Computer Laboratory

Course material 2010–11


Paper 1: Computer Fundamentals

Lecturer: Dr S.M. Hand

No. of lectures: 6

This course is a prerequisite for Operating Systems.

Aims

The overall aim of this course is to provide a general understanding of how a computer works. This includes aspects of the underlying hardware (CPU, memory, devices), as well as how to program a computer at a low level using assembly language.

Lectures

  • History: from vacuum tubes to VLSI. The Von Neumann architecture. Hardware/software layers and languages. Operation of a simple computer (processors, memory, buses, devices). Memory: concepts, structures, hierarchy. [1 lecture]
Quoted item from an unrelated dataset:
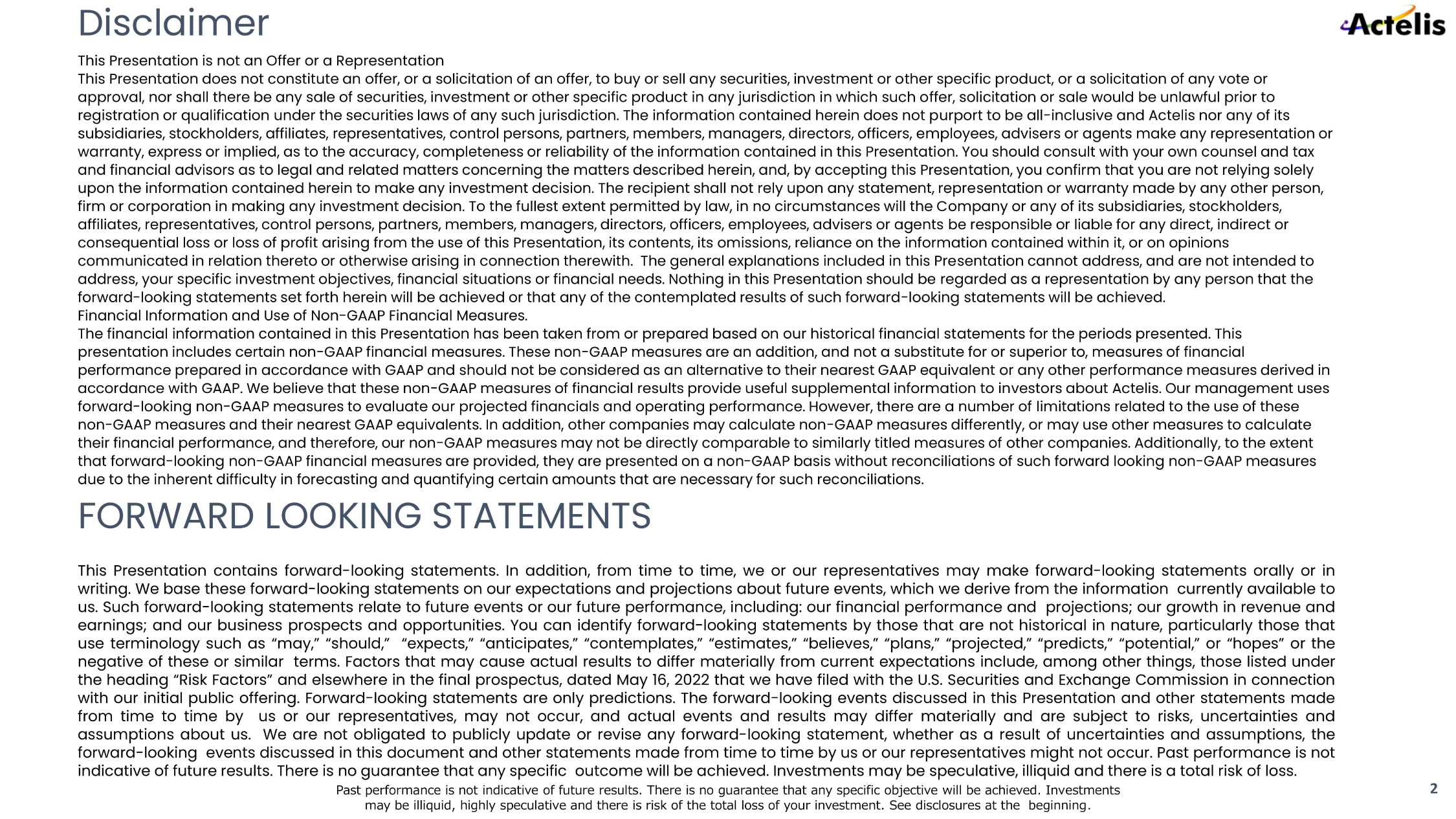 Disclaimer This Presentation is not an Offer or a Representation This Presentation does not constitute an offer, or a solicitation of an offer, to buy or sell any securities, investment or o the r specific product, or a solicitation of any vote or approval, nor shall there be any sale of securities, investment or other specific product in any jurisdiction in which such o ffe r, solicitation or sale would be unlawful prior to registration or qualification under the securities laws of any such jurisdiction. The information contained herein does not p urp ort to be all - inclusive and Actelis nor any of its subsidiaries, stockholders, affiliates, representatives, control persons, partners, members, managers, directors, officers, e mpl oyees, advisers or agents make any representation or warranty, express or implied, as to the accuracy, completeness or reliability of the information contained in this Presentati on. You should consult with your own counsel and tax and financial advisors as to legal and related matters concerning the matters described herein, and, by accepting this Presen tat ion, you confirm that you are not relying solely upon the information contained herein to make any investment decision. The recipient shall not rely upon any statement, repre sen tation or warranty made by any other person, firm or corporation in making any investment decision. To the fullest extent permitted by law, in no circumstances will the C omp any or any of its subsidiaries, stockholders, affiliates, representatives, control persons, partners, members, managers, directors, officers, employees, advisers or agents be responsible or liable for any direct, indirect or consequential loss or loss of profit arising from the use of this Presentation, its contents, its omissions, reliance on the inf ormation contained within it, or on opinions communicated in relation thereto or otherwise arising in connection therewith. The general explanations included in this Pre sen tation cannot address, and are not intended to address, your specific investment objectives, financial situations or financial needs. Nothing in this Presentation should be re garded as a representation by any person that the forward - looking statements set forth herein will be achieved or that any of the contemplated results of such forward - looking sta tements will be achieved. Financial Information and Use of Non - GAAP Financial Measures. The financial information contained in this Presentation has been taken from or prepared based on our historical financial st ate ments for the periods presented. This presentation includes certain non - GAAP financial measures. These non - GAAP measures are an addition, and not a substitute for or superior to, measures of financial performance prepared in accordance with GAAP and should not be considered as an alternative to their nearest GAAP equivalent or any other performance measures derived in accordance with GAAP. We believe that these non - GAAP measures of financial results provide useful supplemental information to in vestors about Actelis. Our management uses forward - looking non - GAAP measures to evaluate our projected financials and operating performance. However, there are a number of limitations related to the use of these non - GAAP measures and their nearest GAAP equivalents. In addition, other companies may calculate non - GAAP measures differently, or may use other measures to calculate their financial performance, and therefore, our non - GAAP measures may not be directly comparable to similarly titled measures of other companies. Additionally, to the extent that forward - looking non - GAAP financial measures are provided, they are presented on a non - GAAP basis without reconciliations of such forward looking non - GAAP measures due to the inherent difficulty in forecasting and quantifying certain amounts that are necessary for such reconciliations. Past performance is not indicative of future results. There is no guarantee that any specific objective will be achieved. Inv est ments may be illiquid, highly speculative and there is risk of the total loss of your investment. See disclosures at the beginning . 2 This Presentation contains forward - looking statements. In addition, from time to time, we or our representatives may make forwar d - looking statements orally or in writing. We base these forward - looking statements on our expectations and projections about future events, which we derive from the information currently available to us. Such forward - looking statements relate to future events or our future performance, including: our financial performance and projections; our growth in revenue and earnings; and our business prospects and opportunities. You can identify forward - looking statements by those that are not histor ical in nature, particularly those that use terminology such as “may,” “should,” “expects,” “anticipates,” “contemplates,” “estimates,” “believes,” “plans,” “projec ted ,” “predicts,” “potential,” or “hopes” or the negative of these or similar terms. Factors that may cause actual results to differ materially from current expectations inc lud e, among other things, those listed under the heading “Risk Factors” and elsewhere in the final prospectus, dated May 16, 2022 that we have filed with the U.S. Securit ies and Exchange Commission in connection with our initial public offering. Forward - looking statements are only predictions. The forward - looking events discussed in this Presentation and other statements made from time to time by us or our representatives, may not occur, and actual events and results may differ mat erially and are subject to risks, uncertainties and assumptions about us. We are not obligated to publicly update or revise any forward - looking statement, whether as a result of u ncertainties and assumptions, the forward - looking events discussed in this document and other sta

  • Processor: control and execution units. ALU and computer arithmetic. Logical and conditional operations. Branches. Memory access. Data representation: (integers), text, reals, compound structures, instructions. Fetch-Execute cycle revisited. [1 lecture]

  • General I/O architecture. Example devices. Buses: general operation, hierarchy, synchronous versus asynchronous. Interrupts. Direct Memory Access. [1 lecture]

  • Programming in Assembly. MIPS instruction formats. Assembler directives and pseudo-instructions. Memory access and control flow instructions. The SPIM simulator. Example programs. Procedures and the stack. Recursive procedures. [2 lectures]

  • Course Review. [1 lecture]

Objectives

At the end of the course students should be able to

  • describe the fetch-execute cycle of a simple computer with reference to the control and execution units;

  • understand the different types of information which may be stored within a computer memory;

  • understand a simple assembly language program.

Recommended reading

Tanenbaum, A.S. (1990). Structured computer organisation. Prentice Hall (3rd ed).
Patterson, D. & Hennessy, J. (1998). Computer organisation and design. Morgan Kaufmann (2nd ed.).